While mild cases may be managed with eye drops, many dogs will require corrective surgery to reposition the eyelids and allow for a more appropriate eyelid closure. After surgery, most dogs experience a dramatic improvement in their symptoms.

Exercise and Activity Levels

This athletically-built breed enjoys keeping active and will easily be able for an hour of vigorous activity each day. As well as lead-walking, they relish when off-lead and would benefit from a large back-yard where they can play with the children.

On top of physical activity, it is essential that the mental needs of the Weimardoodle are met and that they are encouraged to solve puzzles, complete agility courses and work on their obedience training. Keeping their mind stimulated ensures a well-adjusted and contented dog and prevents the development of unwanted behaviours, including separation anxiety.


Though many Weimardoodles will inherit the hypoallergenic coat of the Poodle that hardly shed at all, not all of them will be hypoallergenic and it is difficult to predict which puppies will exhibit this trait. Regardless, their dense and curly coat should be brushed at least twice a week to prevent matting and to spread their natural oils.

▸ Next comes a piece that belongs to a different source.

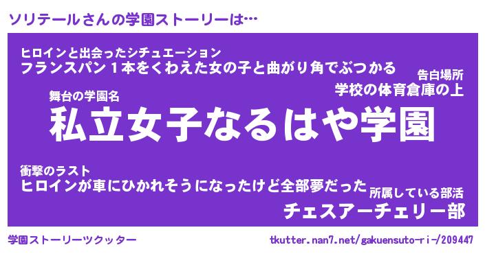 | 女子向けラノベタイトル風あだ名 | 『ソリテール姫と円卓の騎士』 |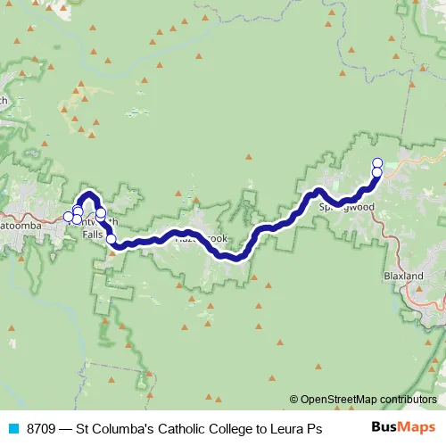 The first stop of the 8709 bus route is St Columba's Catholic College, School Grounds and the last stop is Sinclair Cres At Great Western Hwy. 8709 (St Columba's Catholic College to Leura Ps) is operational during on weekdays.

It is vital that the pendulous ears of the Weimardoodle be cleaned out at least weekly. If fur grows in the canal, routine plucking may be required, particularly if the dog is prone to chronic and recurrent infections.

While Weimaraners tend to enjoy good dental health, Poodles are renowned for developing periodontal disease as they age. It is likely that the Weimardoodle falls somewhere in the middle and would benefit from daily teeth cleaning.